* Your instructions *
Further down are entries; set down exactly and only the lines from the one with "Set de llaves" up to and including the one with "Promotional bochure describing", dropping each picture.

* Input for this task *
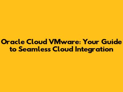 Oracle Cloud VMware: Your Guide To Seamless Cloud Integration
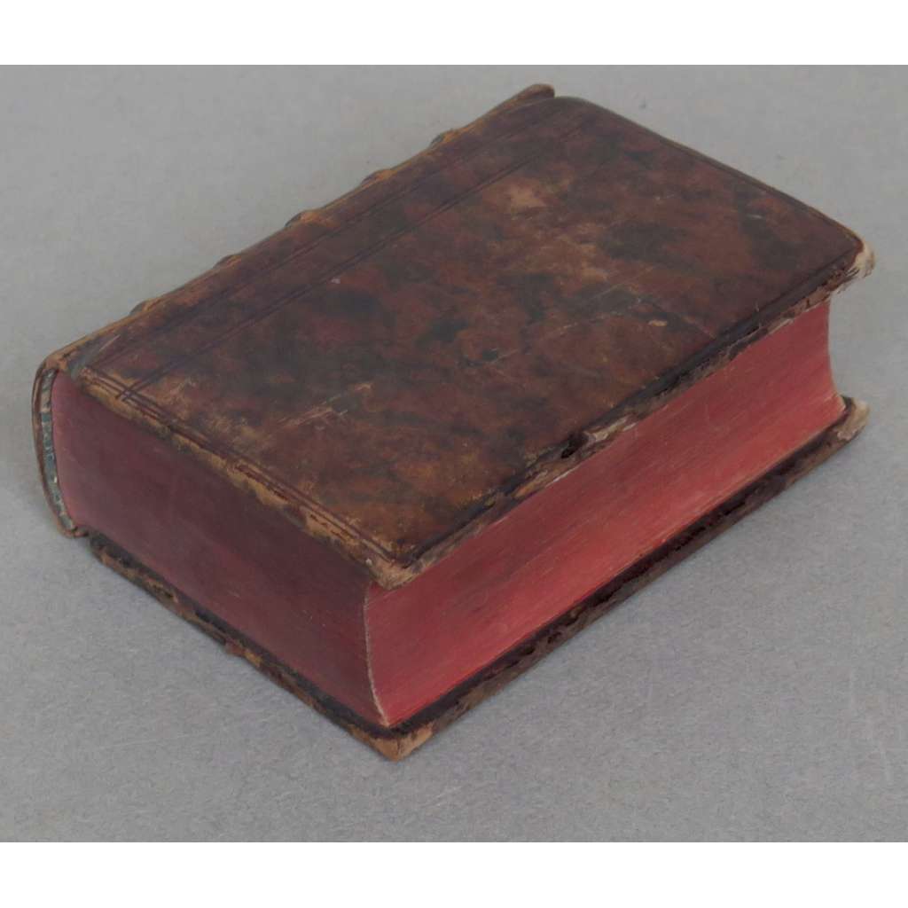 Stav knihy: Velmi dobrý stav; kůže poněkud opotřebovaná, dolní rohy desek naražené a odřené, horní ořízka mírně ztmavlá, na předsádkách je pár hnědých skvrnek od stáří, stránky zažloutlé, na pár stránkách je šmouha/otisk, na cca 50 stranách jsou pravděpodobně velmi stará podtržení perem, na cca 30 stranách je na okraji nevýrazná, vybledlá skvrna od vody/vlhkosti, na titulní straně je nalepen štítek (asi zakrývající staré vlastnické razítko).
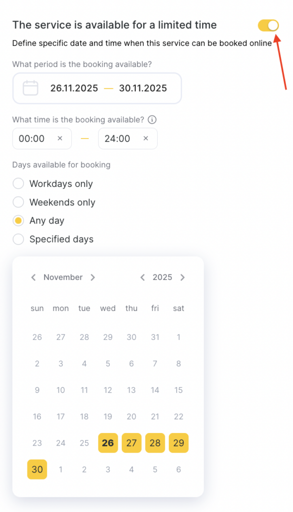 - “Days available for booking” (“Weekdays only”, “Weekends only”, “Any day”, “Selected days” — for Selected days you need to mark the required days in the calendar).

==

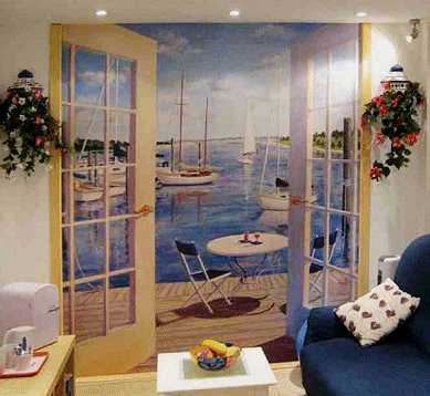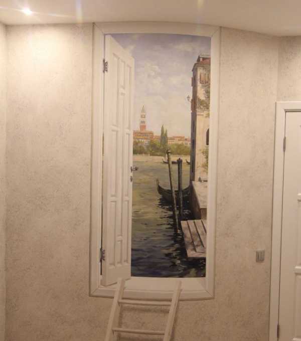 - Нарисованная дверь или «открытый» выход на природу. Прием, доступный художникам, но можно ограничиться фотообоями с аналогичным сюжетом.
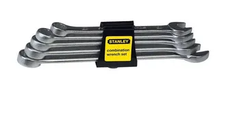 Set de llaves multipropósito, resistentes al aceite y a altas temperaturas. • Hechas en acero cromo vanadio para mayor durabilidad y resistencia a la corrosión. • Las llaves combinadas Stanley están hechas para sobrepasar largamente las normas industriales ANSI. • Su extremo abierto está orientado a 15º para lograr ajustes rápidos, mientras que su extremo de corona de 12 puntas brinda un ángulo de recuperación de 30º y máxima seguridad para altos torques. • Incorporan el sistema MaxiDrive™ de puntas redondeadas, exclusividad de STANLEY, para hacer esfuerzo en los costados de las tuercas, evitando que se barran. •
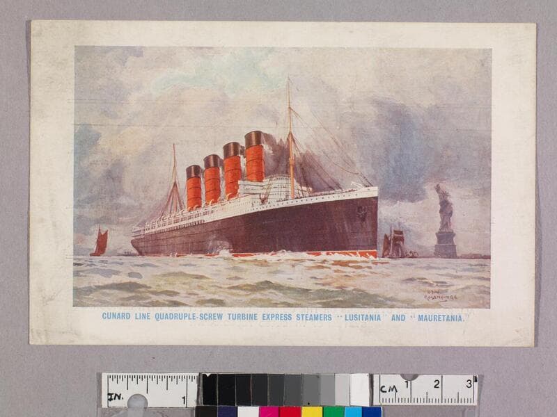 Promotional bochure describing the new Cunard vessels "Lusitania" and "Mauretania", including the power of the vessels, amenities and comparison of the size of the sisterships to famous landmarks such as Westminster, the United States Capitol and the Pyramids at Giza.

...

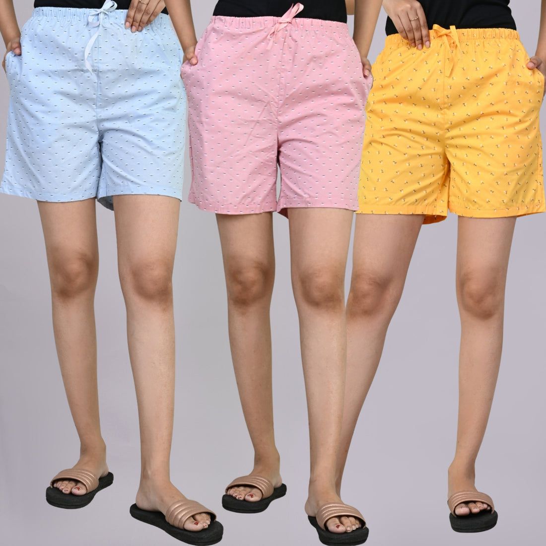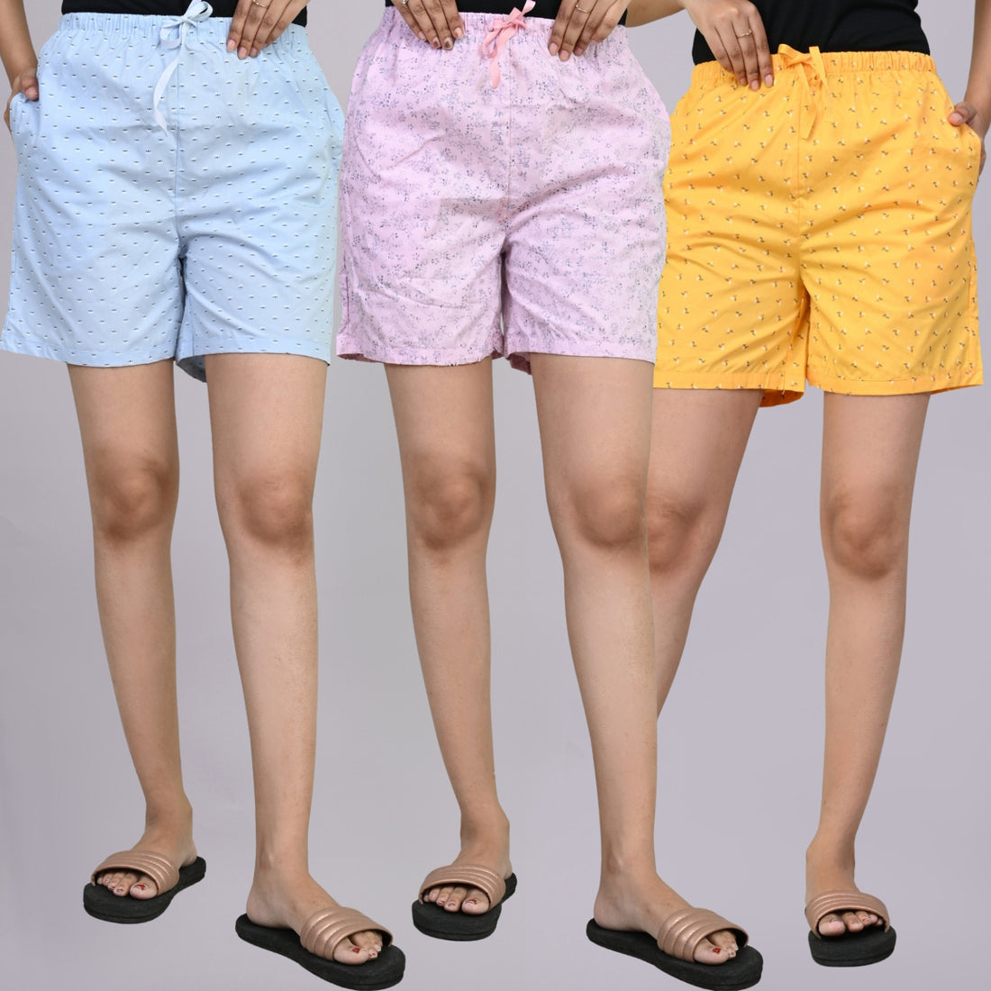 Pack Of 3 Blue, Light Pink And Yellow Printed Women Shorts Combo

* Answer section *
 Set de llaves multipropósito, resistentes al aceite y a altas temperaturas. • Hechas en acero cromo vanadio para mayor durabilidad y resistencia a la corrosión. • Las llaves combinadas Stanley están hechas para sobrepasar largamente las normas industriales ANSI. • Su extremo abierto está orientado a 15º para lograr ajustes rápidos, mientras que su extremo de corona de 12 puntas brinda un ángulo de recuperación de 30º y máxima seguridad para altos torques. • Incorporan el sistema MaxiDrive™ de puntas redondeadas, exclusividad de STANLEY, para hacer esfuerzo en los costados de las tuercas, evitando que se barran. •
 Promotional bochure describing the new Cunard vessels "Lusitania" and "Mauretania", including the power of the vessels, amenities and comparison of the size of the sisterships to famous landmarks such as Westminster, the United States Capitol and the Pyramids at Giza.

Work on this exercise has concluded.